GOES-16 Day Cloud Phase Distinction from 1816-1951 UTC, below, shows the strengthening storm. You can use the cloud texture over Louisiana to infer regions where precipitation is occurring (all in the form of snow!). Day Cloud Phase Distinction also highlights — in green — snow that is on the ground in Kansas and Oklahoma, and also in southeast Texas that becomes apparent as the deeper clouds (orange/yellow in this RGB) pull away. That snow on the ground in southeast Texas is inhibiting the development of cumulus clouds (white/cyan).
The toggle below includes annotations highighting regions of snow and low clouds.
A zoomed-in Day Cloud Phase Distinction RGB over Louisiana at 2001 UTC, below, shows how one might use this RGB, both the color and texture, to infer regions where precipitation is occurring.
A closer look at the Gulf Coast — from Bay City, Texas across Louisiana to Gulfport-Biloxi, Mississippi — using GOES-16 Infrared (10.3 µm) images (above) showed the eastward progression of snow observations (occasionally moderate to heavy at some sites) during the 16.5 hours ending at 2201 UTC. Cloud-top infrared brightness temperatures became increasingly colder (-40s to -50s C, shades of green to yellow) as snowfall rates increased across the region. A corresponding animation with overlays of Winter Watches, Warnings and Advisories is available here — which included the first-ever Blizzard Warning issued by the NWS Lake Charles forecast office (that extended all the way to the coast).
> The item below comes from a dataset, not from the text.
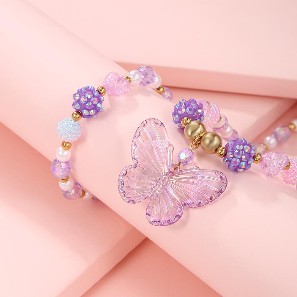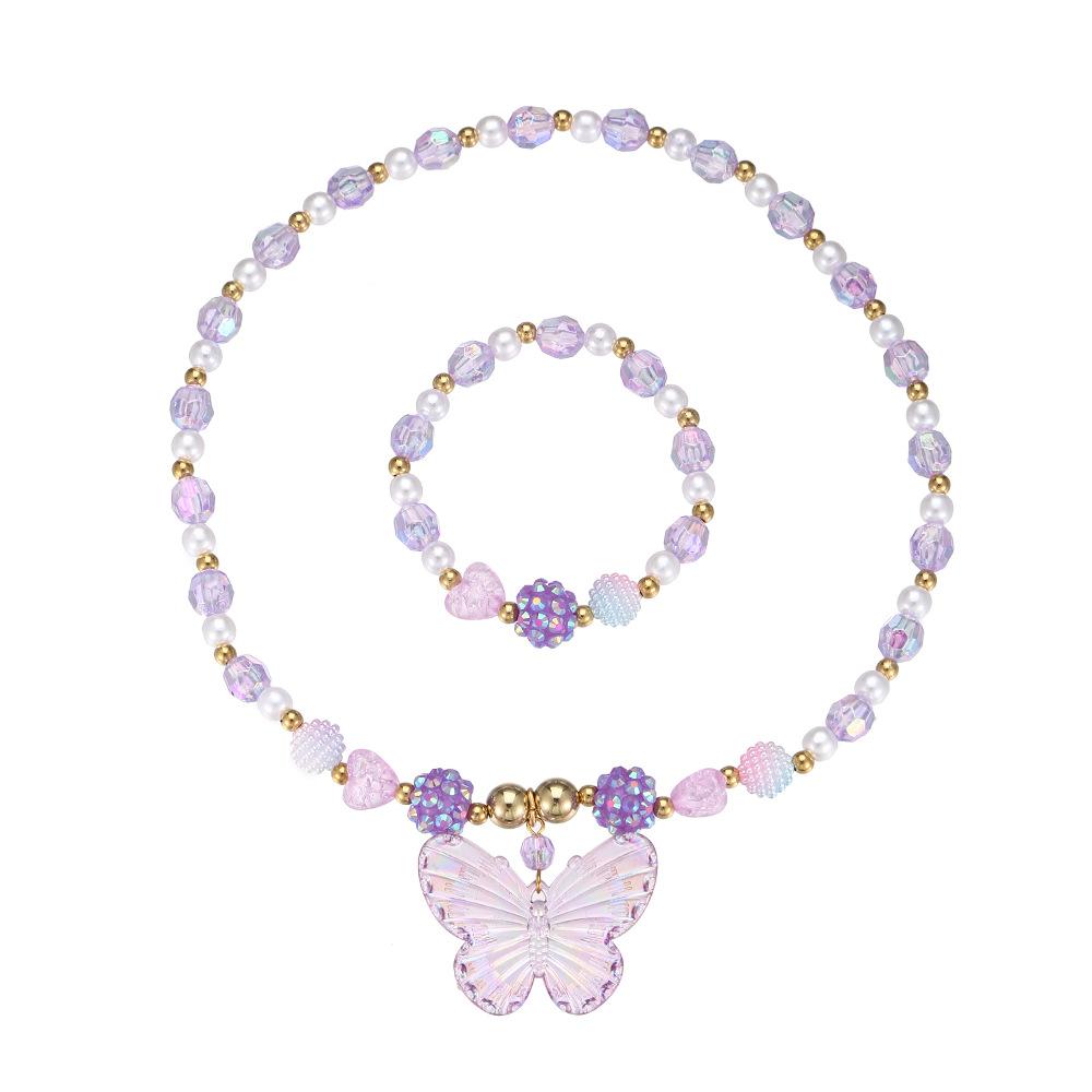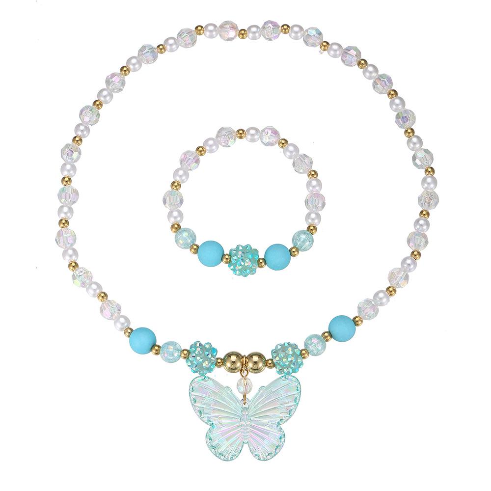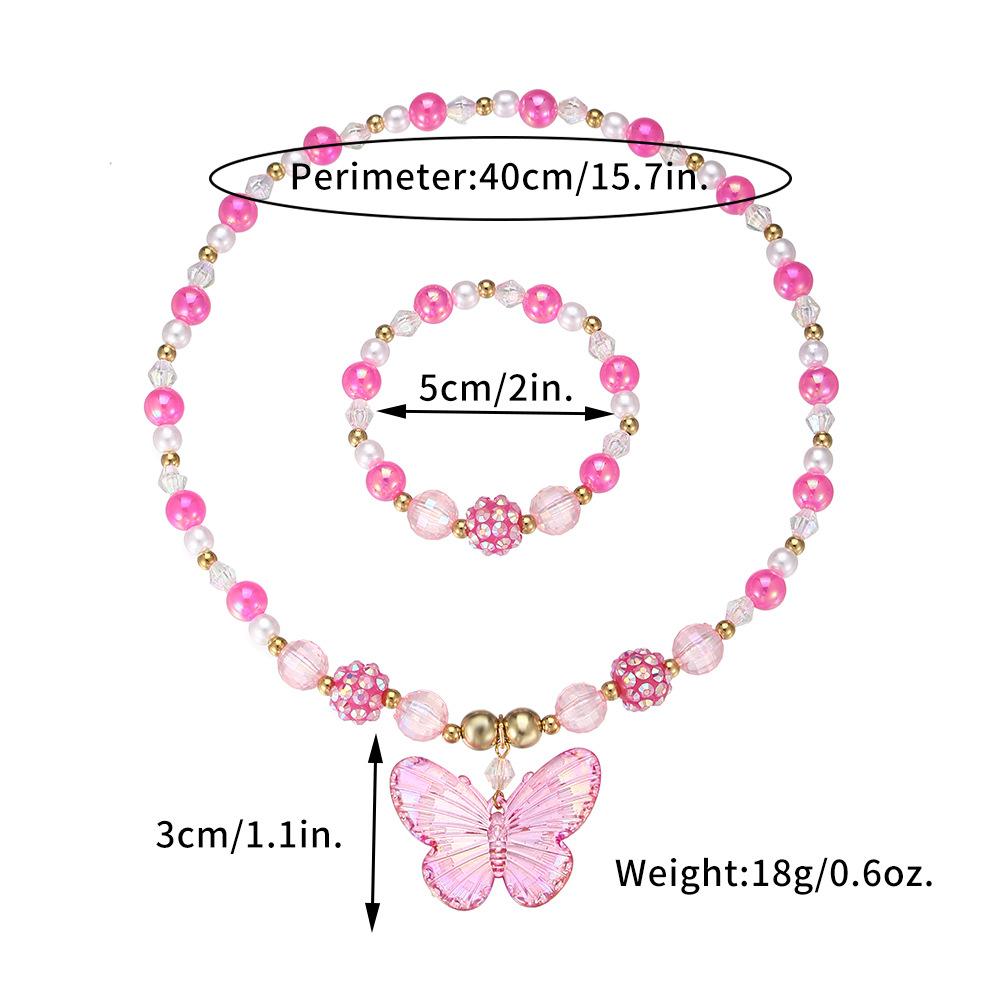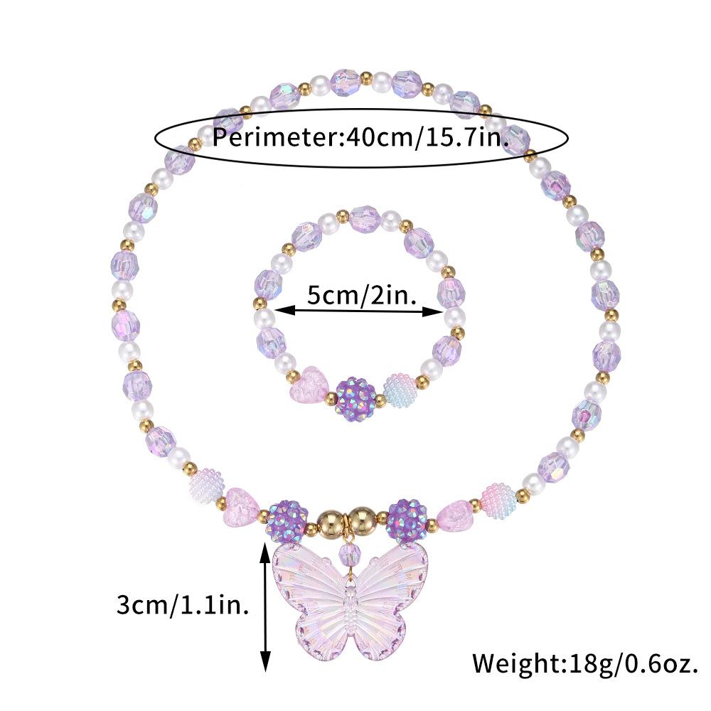 Nuevos Productos Transfronterizos Collar de Clavícula para Niña Joyería de Princesa Cristal de Color Perla Mariposa Collar para Niños Juego de Pulsera
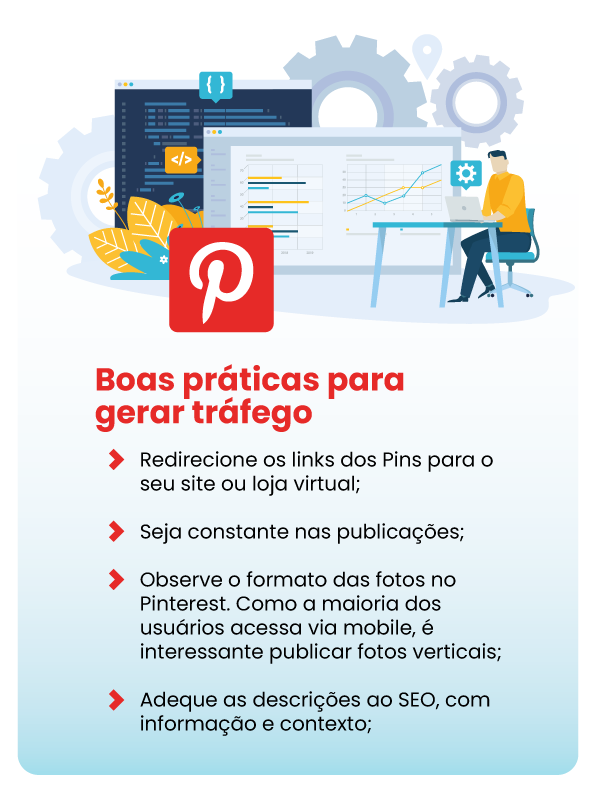O Pinterest também fornece uma página com tendências e insights, que podem ajudar a promover o tráfego e encontrar seu público-alvo. Aproveite essa ferramenta e outras estratégias de marketing digital nessa rede social para alavancar o seu negócio.

Two features of note occurred during that time period: a brief cluster of GOES-16 GLM Flash Extent Density pixels over southwest Louisiana at 1511 UTC (above), suggesting that thundersnow may have occurred (none of the 3 nearby METAR sites explicitly reported lightning or thundersnow, although the southernmost site was reporting heavy snow) — and a Ship Report of moderate to heavy freezing rain off the coast of Louisiana at 1800 UTC (below); there was quite a difference between that ship report air temperature (32ºF) the sea surface temperature (61ºF)!
This is an ongoing storm, and this blog post will be amended later.